■ **Data segment**
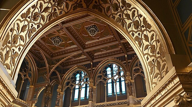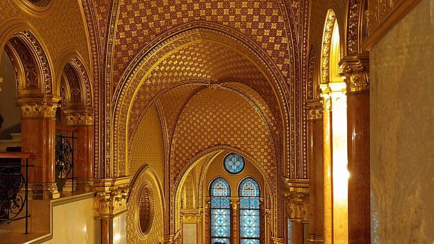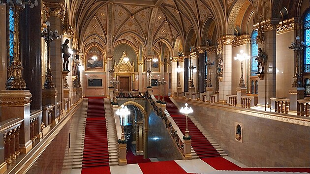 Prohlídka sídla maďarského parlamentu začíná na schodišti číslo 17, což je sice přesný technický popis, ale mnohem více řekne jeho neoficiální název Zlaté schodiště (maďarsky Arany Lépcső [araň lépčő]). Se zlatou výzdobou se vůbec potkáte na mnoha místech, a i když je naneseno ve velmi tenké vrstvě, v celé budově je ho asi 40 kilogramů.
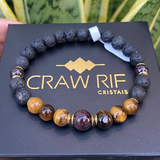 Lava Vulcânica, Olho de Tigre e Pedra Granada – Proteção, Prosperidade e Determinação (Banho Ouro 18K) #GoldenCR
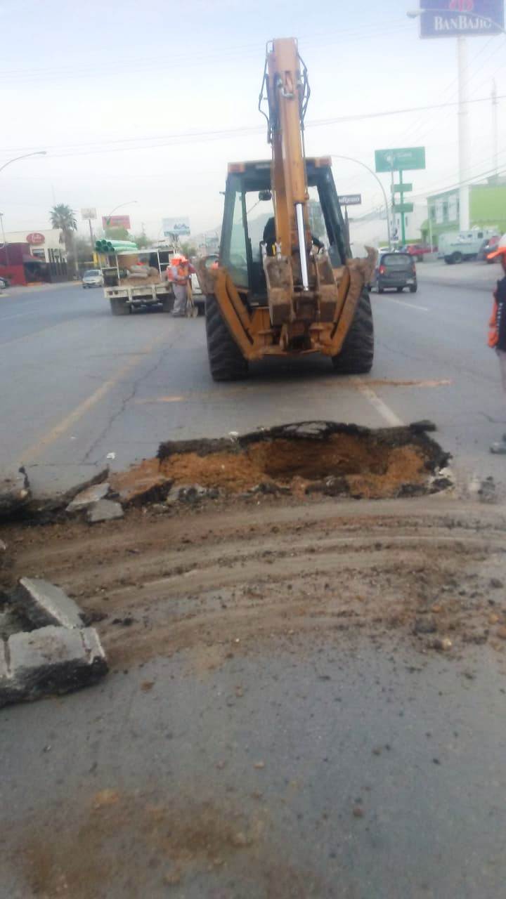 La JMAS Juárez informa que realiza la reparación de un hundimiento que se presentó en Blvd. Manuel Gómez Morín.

■ **Exercise**
Pictures aside, give the data again exactly as it appears.

■ **Task answer**
 Prohlídka sídla maďarského parlamentu začíná na schodišti číslo 17, což je sice přesný technický popis, ale mnohem více řekne jeho neoficiální název Zlaté schodiště (maďarsky Arany Lépcső [araň lépčő]). Se zlatou výzdobou se vůbec potkáte na mnoha místech, a i když je naneseno ve velmi tenké vrstvě, v celé budově je ho asi 40 kilogramů.
 Lava Vulcânica, Olho de Tigre e Pedra Granada – Proteção, Prosperidade e Determinação (Banho Ouro 18K) #GoldenCR
 La JMAS Juárez informa que realiza la reparación de un hundimiento que se presentó en Blvd. Manuel Gómez Morín.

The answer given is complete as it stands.